Clarks could close up to 50 stores as part of a potential CVA in order to gain the backing of investor LionRock Capital.

The Hong Kong private equity house is in discussions with the historic British footwear business to inject up to £100m into the business. However its investment would be contingent upon Clarks gaining support for a CVA to enable it to reduce its store estate, Sky News has reported.

Clarks operates around 500 stores in the UK (including concessions) and a deal with LionRock, should it come about, would lead to its founding family relinquishing overall control.

Late last month it was revealed that LionRock was one of two bidders in the frame to acquire a stake in Clarks. This news followed Clarks statement in May that it was considering selling a stake in the business in order to raise £100m-£150m.

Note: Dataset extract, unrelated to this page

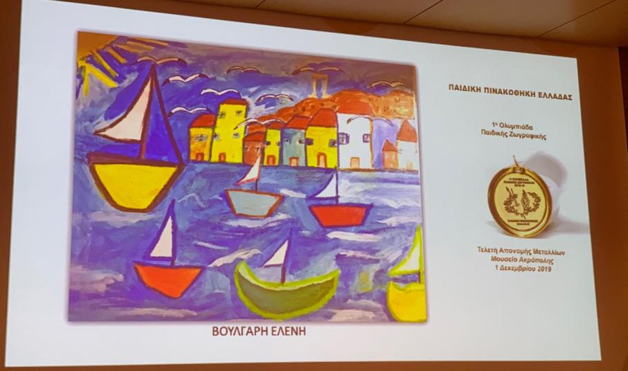 Η 1η Ολυμπιάδας Παιδικής Ζωγραφικής, υπό την Αιγίδα της Α.Ε. του Προέδρου της Δημοκρατίας κυρίου Προκοπίου Παυλοπούλου, ξεκίνησε στις 20 Οκτωβρίου 2018, στο Ζάππειο Μέγαρο και κορυφώθηκε με μια λαμπερή τελετή βράβευσης την 1η Δεκεμβρίου 2019 στο Μουσείο Ακρόπολης.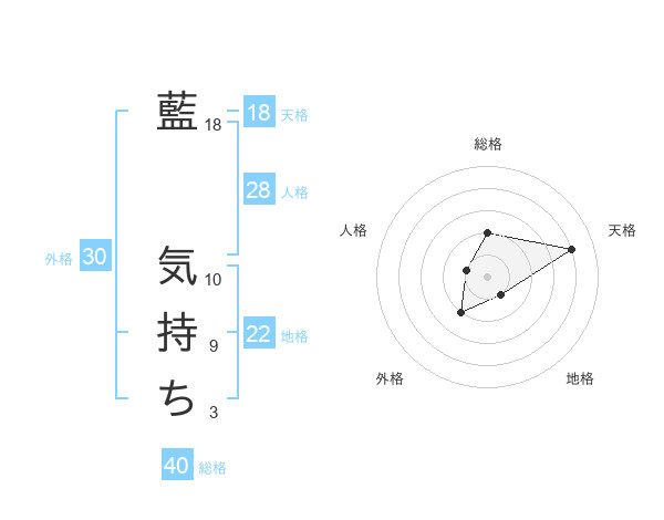 藍 気持ちさんの天格は18画の4点!

In the same month CEO Giorgio Presca announced a company restructuring that would lead to 900 jobs being cut from its global workforce, though some 200 new roles would partly offset the losses. A total of 160 job losses were announced immediately.

As part of the "Made to Last" strategy Presca also announced Presca the company would be focusing on three main areas of the business moving forward: Clarks Originals, Clarks Collection and Cloudsteppers by Clarks.

A spokesperson for the company declined to comment on the potential LionRock deal saying: “We recently announced Clarks’ long-term ‘Made to Last’ strategy that is designed to ensure that our business has a sustainable and successful future, keeping it in step with changes in how consumers around the world choose and buy their shoes.

"As part of this strategy, the Clarks Board of Directors is currently reviewing options to best position our business, our people and the Clarks brand for future long-term growth.”

Pippa Stephens, Retail Analyst at GlobalData, a leading data and analytics company, commented: “Clarks’ reported proposal to shutter around 50 of its stores as part of a CVA is long overdue, as its lack of decisive action in recent years has put it in a far weaker position than it should be to withstand the current crisis. The retailer had 521 stores in the UK (including concessions) at the end of FY2019, and should have started the process of eliminating stores much earlier, as consumers have increasingly been shifting to purchasing online in recent years. With COVID-19 only accelerating this trend, the closure of just 50 stores is not significant enough to fully adapt, and the shuttering of more locations will likely be necessary so that it can prioritise its investments into its digital channel.”

“Clarks’ share of the UK footwear market is forecast to have fallen by 2.3ppts over the past five years, to 5.7% in 2020, as it has struggled to provide a compelling product offer, thus losing relevance among many of its core consumers. Though the athleisure trend had already been driving trainer purchases prior to the pandemic, COVID-19 has boosted appetite even further, due to greater importance being placed on fitness and being outdoors. This has caused sports specialists like JD Sports and Sports Direct to gain greater top of mind appeal, so Clarks must strive to increase its mix of comfortable and casual styles to help it win back market share and become more resilient to changing fashion trends.”

Clarks was founded by Cyrus and James Clark in Street, Somerset, in 1825. The Clarks family still retains 80% of the company spread amongst more than 400 family members.